Tree of Remembrance: Birmingham Groups Gather to Plant Anne Frank Tree

Several Birmingham organizations will join together this month to dedicate a horse chestnut tree, similar to the one that inspired Anne Frank during her years of hiding during the Holocaust, at one of Birmingham’s “sacred spots” for civil rights.

The original tree in Amsterdam narrowly escaped being cut down two years ago. An aggressive fungus has taken hold, and almost half of the wood is rotten. The tree’s structure has been stabilized, and it could stand for another five to 15 years.

Last year, the Anne Frank Center USA announced that it was distributing 11 saplings from the tree to sites across the United States, and applications were being accepted for places that wanted them.

A group of Birmingham organizations, citing the city’s history as a civil rights era battleground, applied for one sapling to be placed in Kelly Ingram Park, which is now called “a place of revolution and reconciliation.” When it was announced that Birmingham would not be one of the sites selected, organizers decided to press on with a similar tree at the same site.

The dedication, “Roots of Courage; Branches of Hope” will be held on April 11 at 1 p.m. at the park. The community is invited.

Max Herzel, a local Holocaust survivor, and Carolyn McKinstry, a survivor of the 1963 bombing of Sixteenth Street Baptist Church, will both speak. There will also be the announcement of the winner of a “Roots of Courage, Branches of Hope” poetry contest for Jefferson County eighth graders.

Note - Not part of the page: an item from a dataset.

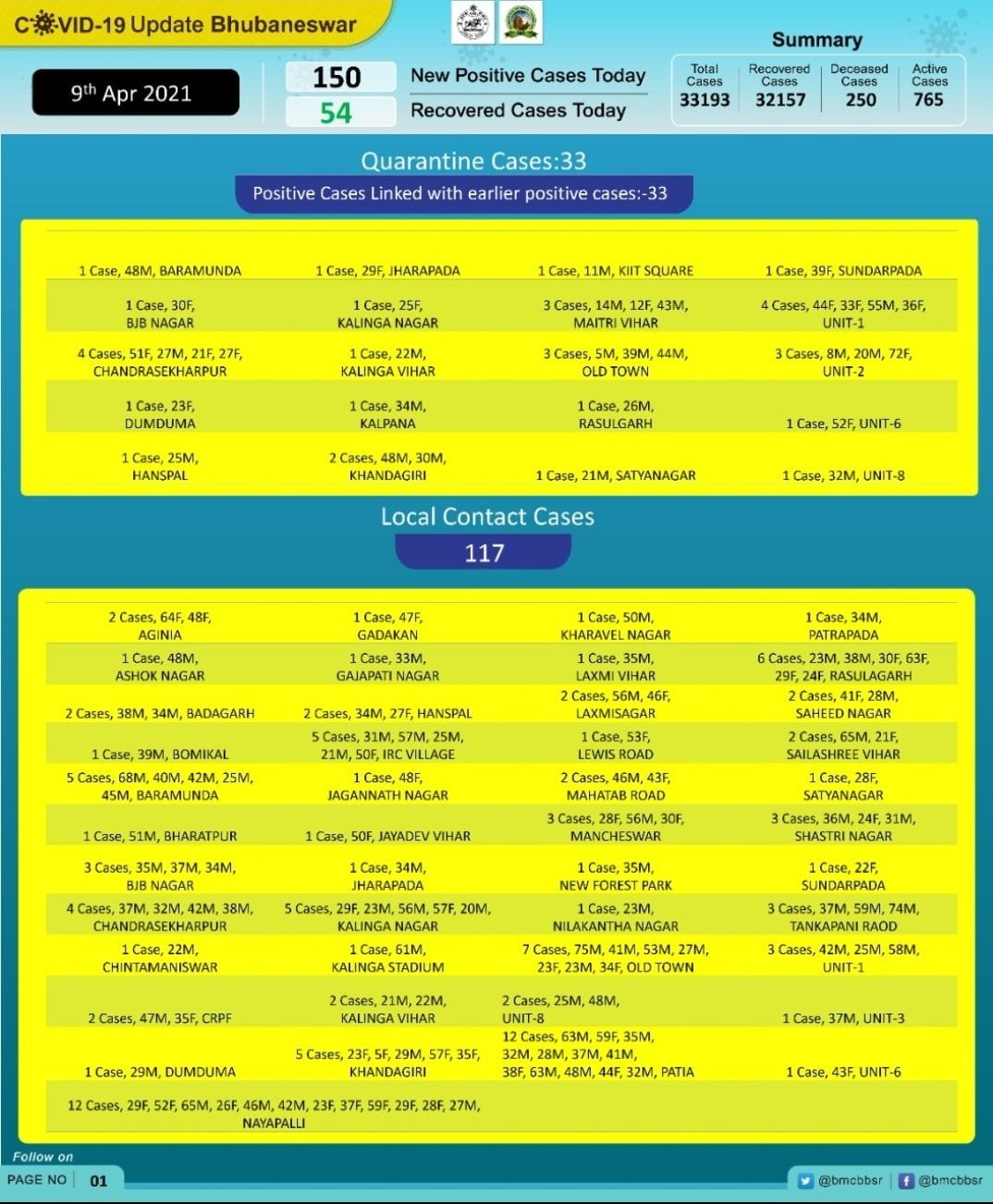 According to Bhubaneswar Municipal Corporation (BMC), of the new cases, 117 were from local contacts and 33 were quarantine cases.

The event is being sponsored by the Birmingham Civil Rights Institute, Birmingham Public Library, Sixteenth Street Baptist Church, the Birmingham Jewish Federation’s Jewish Community Relations Committee and the Birmingham Holocaust Education Committee, all of whom were part of the original proposal last summer.

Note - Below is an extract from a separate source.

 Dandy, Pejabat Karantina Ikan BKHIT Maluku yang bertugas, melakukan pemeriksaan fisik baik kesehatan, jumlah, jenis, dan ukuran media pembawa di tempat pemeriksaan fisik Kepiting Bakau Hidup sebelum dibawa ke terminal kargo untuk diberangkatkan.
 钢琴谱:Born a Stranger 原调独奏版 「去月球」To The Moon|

James Horton, director of the Birmingham Botanical Gardens, oversaw site selection and is caring for the tree before planting.

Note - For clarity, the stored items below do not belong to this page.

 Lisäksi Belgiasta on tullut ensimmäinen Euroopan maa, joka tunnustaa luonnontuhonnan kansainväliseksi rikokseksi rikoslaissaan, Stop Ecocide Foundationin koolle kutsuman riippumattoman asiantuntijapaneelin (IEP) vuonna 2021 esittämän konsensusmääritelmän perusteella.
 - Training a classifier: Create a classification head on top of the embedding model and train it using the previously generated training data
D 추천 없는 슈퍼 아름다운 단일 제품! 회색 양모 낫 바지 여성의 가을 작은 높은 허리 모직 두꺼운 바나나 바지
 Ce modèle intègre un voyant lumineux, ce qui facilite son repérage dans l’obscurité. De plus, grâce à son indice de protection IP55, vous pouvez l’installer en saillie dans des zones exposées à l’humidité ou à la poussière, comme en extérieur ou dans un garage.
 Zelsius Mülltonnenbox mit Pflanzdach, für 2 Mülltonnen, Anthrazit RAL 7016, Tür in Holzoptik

Joel Rotenstreich, former JCRC chairman who formed the project committee last summer, said there are several varieties of horse chestnut trees. “We have been careful to locate and buy the specific Aesculus Hippocastanum variety that was outside Anne Frank’s hiding place in Amsterdam.”

He said one crucial step was the support of Melvin Miller and the members of the Birmingham Park and Recreation Board, for approving the placement of the tree and plaque in the park.

Though Birmingham was not selected for a sapling from the Amsterdam tree, another Southern civil rights site was.

Two of the trees will be in Arkansas — one at Little Rock Central High, where the “Little Rock Nine” integrated schools in 1957 while 1200 soldiers kept order, and one at the Clinton Library in Little Rock.

Other sites include Boston Common, where there are other monuments to liberty; the Southern Cayuga Central School District, near where the women’s rights movement is said to have started; Holocaust centers in Seattle and Farmington Hills, Mich.; at a statue of Anne Frank in Boise, which was previously vandalized by white supremacists; and Sonoma State University in California, where an exhibit was established by one of Anne Frank’s schoolmates who is an Auschwitz survivor.

Three sites were chosen before the contest began — the White House, Ground Zero in New York City, and the Children’s Museum of Indianapolis, home of the “Power of Children” exhibit that honors Anne Frank.